Le Senne, dopo Bergson, ha sottolineato che c’è nell’istante che viviamo quello che segue, e anche se noi sappiamo come l’impiegheremo, esso ci è sospeso davanti come una rivelazione. Tale è la forza creatrice, epigenetica, della durata. “E’”, scrive Le Senne, “questa singolarità che farà il valore dell’istante”. Non sospettava di aver scoperto il segreto dei romanzi. E’ romanziere chi penetra in un nuovo capitolo come si penetra in un nuovo istante, sapendo cosa si vuol fare ma ignorando la sottile rivelazione che si verificherà. Dumas è romanziere perché se Calderousse e Andrea fanno colazione insieme, il primo per esercitare il ricatto sul secondo, la scena banale acquista un valore indimenticabile nella durata. La vittima ha appetito e il suo seviziatore, fedele alla cucina mediterranea, prova piacere nel gratinare il pesce, a mischiare l’aglio all’olio, la noce moscata al chiodo di garofano. Sono inclini a distruggersi reciprocamente, ma fra i due, come all’interno di una parentesi, c’è un’intesa che procura loro un attimo di felicità. Nulla cambierà. La trama della colazione resta intatta, conformemente al piano dell’autore, ma questa colazione è unica perché non è riducibile alla sua trama. Non si tratta di una prerogativa tecnica, ma di un dono che permette al romanziere di eguagliare lo scorrere della vita.

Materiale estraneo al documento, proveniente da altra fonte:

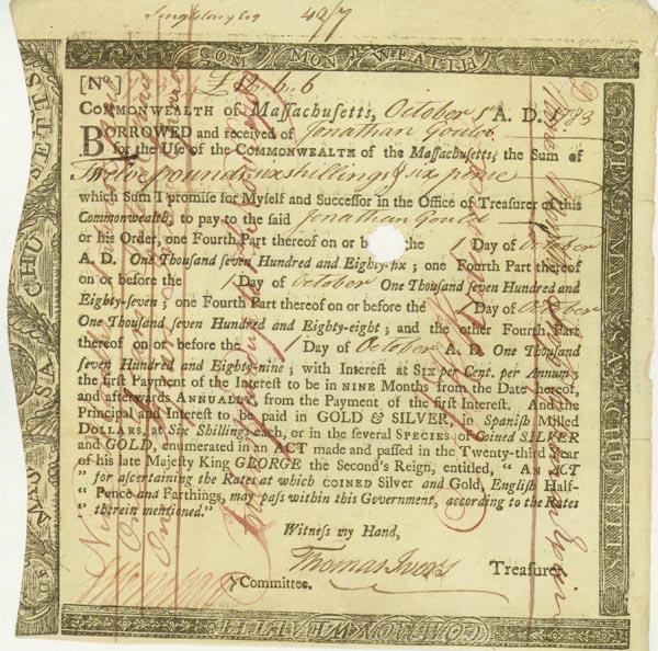 Anderson MA-34. Massachusetts. October 5, 1783. Partly-printed bond in which the state has "Borrowed and received of Johnathan Gould twelve pounds six shillings & six pence…to pay to said Jonathan Gould on fourth part thereof on the lst day of October…in GOLD and SILVER…" These were issued to for general borrowing purposes and the redemption of outstanding debt securities not promising to pay in gold or silver, or other commodities. Pen and punch cancelled. Extremely Fine.

Gli storici della letteratura che non citano Dumas se non per il suo seccante teatro (poiché ha avviato il teatro romantico francese) trascurano stupidamente il dono del Dumas romanziere, a tutt’oggi dunque non pienamente elargito.

Magazine littéraire” n° 72, Janvier 1973

Nota di redazione: I tre moschettieri e Il Conte di Montecristo non abbisognano di alcuna notazione, tanto sono famosi e ristampati. Diverso ci sembra il caso de I quarantacinque, un romanzo del “ciclo dei Valois” che ricordiamo in una vecchia edizione popolare dell’indimenticato Lucchi, ma che in anni più recenti ci sembra di ricordare sia stato ristampato, annotato insieme agli altri del ciclo, con una prefazione del bravo Luigi Baccolo.